> TASK DESCRIPTION
The expected result is an exact copy of the lines from the one holding "El Aprendizaje Servicio" to the last line of the material, with pictures removed and nothing added.
•••••
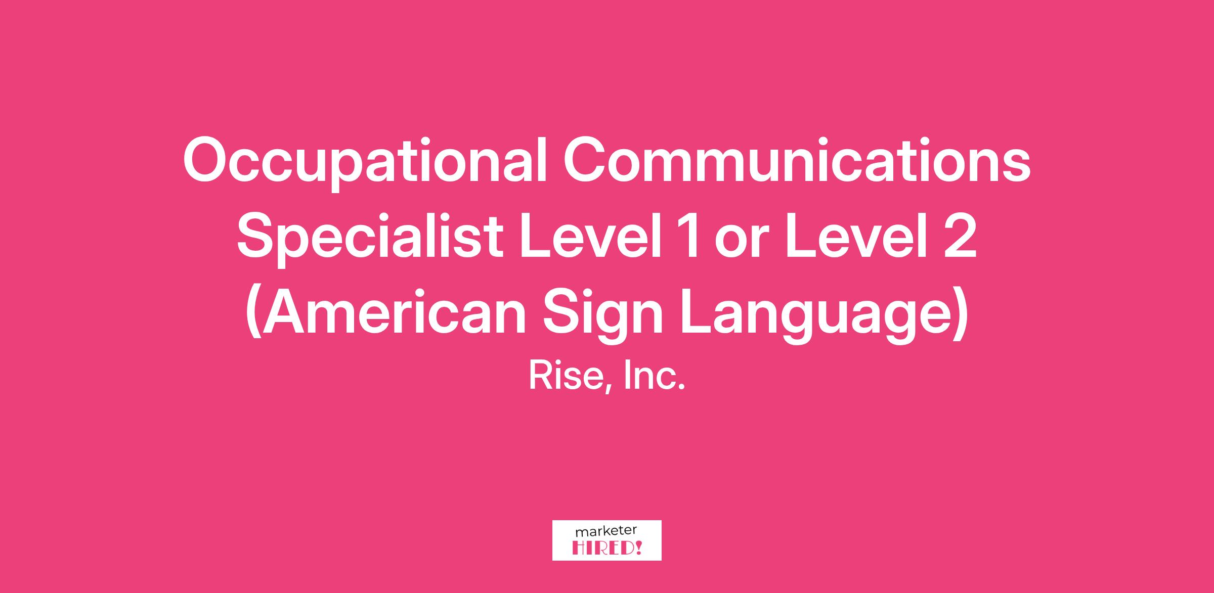 Occupational Communications Specialist Level 1 or Level 2 (American Sign Language)
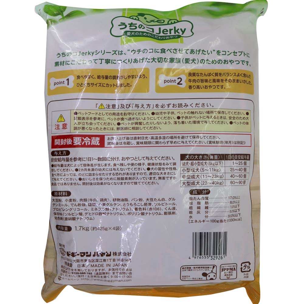 【サイズ】約幅280mm×高さ390mm×奥行50mm【特長】●食べやすく、給与量の調節がしやすいよう、ひとくちサイズにカットしました。●良質なたんぱく質をバランスよく含んだ牛肉の旨味と風味をそのままいかした、香り高いおやつです。【仕様】●サイズ:約幅280mm×高さ390mm×奥行50mm●重量・質量:1,750g●内容量:1.7kg●材質:大豆粉、小麦粉、肉類(牛肉、鶏肉)、植物油脂、パン粉、大豆たん白、グルテンミール、でん粉類、糖類、小麦グルテン、とうもろこし胚芽、ソルビトール、プロピレングリコール、ミネラル類(ナトリウム)、着色料(赤106)、くん液、保存料(ソルビン酸、デヒドロ酢酸ナトリウム)、ポリリン酸ナトリウム、膨張剤、発色剤(亜硝酸ナトリウム)●成分:粗たん白質:17.0%以上、粗灰分:5.0%以下、粗脂肪:8.0%以上、水分:30.0%以下、粗繊維:1.0%以下●原産国:日本【使用上のご注意】●ペットフードとしての用途をお守りください。●幼児や子供、ペットの触れない場所で保存してください。●記載表示を参考に、ペットが食べ過ぎないようにしてください。●子供がペットに与えるときは、安全のため大人が立ち会ってください。●ペットが興奮したりしないよう、落ち着いた環境で与えてください。●ペットの体調が悪くなったときには、獣医師に相談してください。
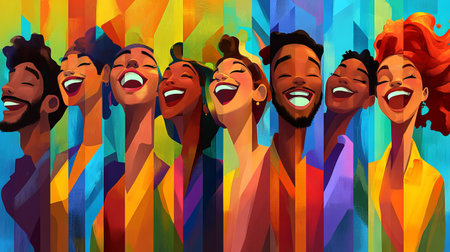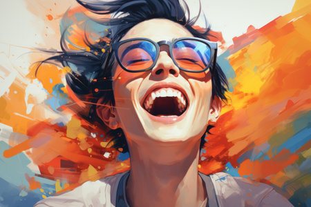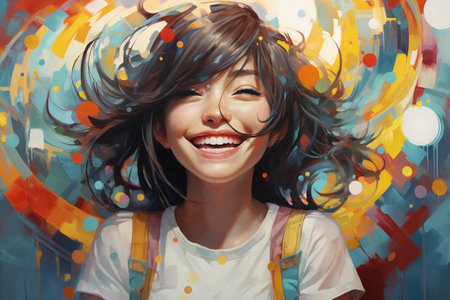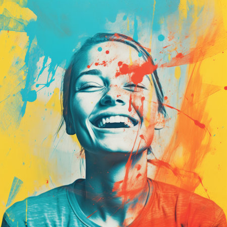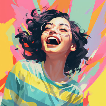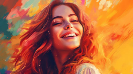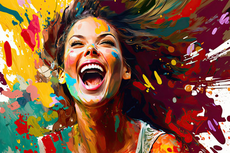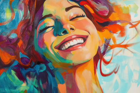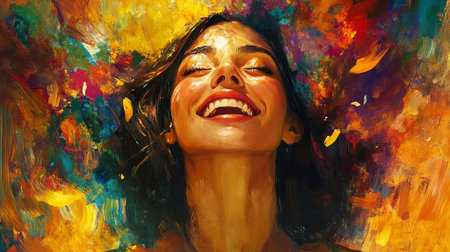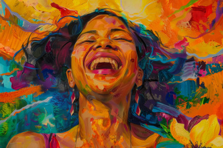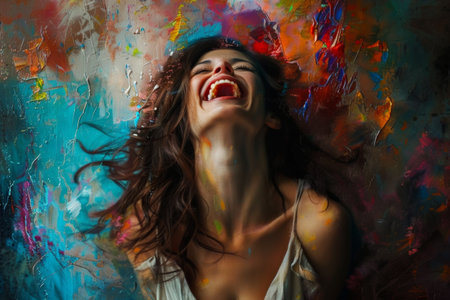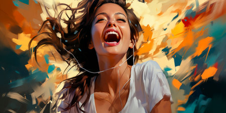 Vibrant and colorful painting of a joyful woman laughing in a lively, abstract setting. Concepts of happiness, art, and social interactions in a dynamic atmosphere.
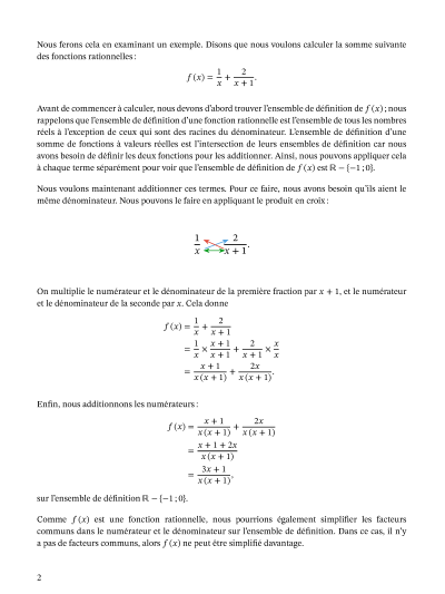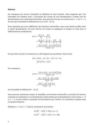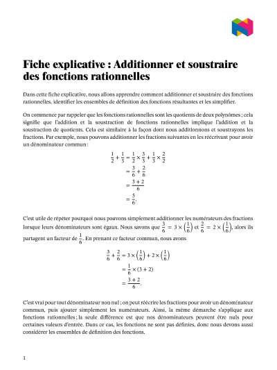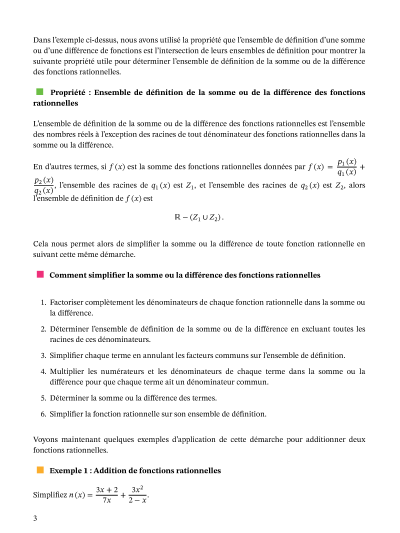 Dans cette leçon, nous allons apprendre comment additionner et soustraire des fonctions rationnelles, et comment identifier les ensembles de définition des fonctions résultantes et comment les simplifier.
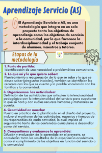 El Aprendizaje Servicio o AS, es una metodología que integra en un solo proyecto tanto los objetivos de aprendizaje como los objetivos de servicio a la comunidad, por lo que favorece la interdisciplinariedad y el trabajo conjunto de alumnos, maestros y tutores.
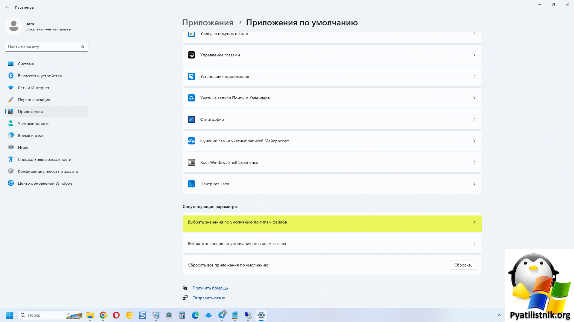 Выходим из данного раздела и перейдем в списке приложений в самом низу в пункт «Выбрать значения по умолчанию по типам файлов»
•••••
> WRITTEN RESPONSE
 El Aprendizaje Servicio o AS, es una metodología que integra en un solo proyecto tanto los objetivos de aprendizaje como los objetivos de servicio a la comunidad, por lo que favorece la interdisciplinariedad y el trabajo conjunto de alumnos, maestros y tutores.
 Выходим из данного раздела и перейдем в списке приложений в самом низу в пункт «Выбрать значения по умолчанию по типам файлов»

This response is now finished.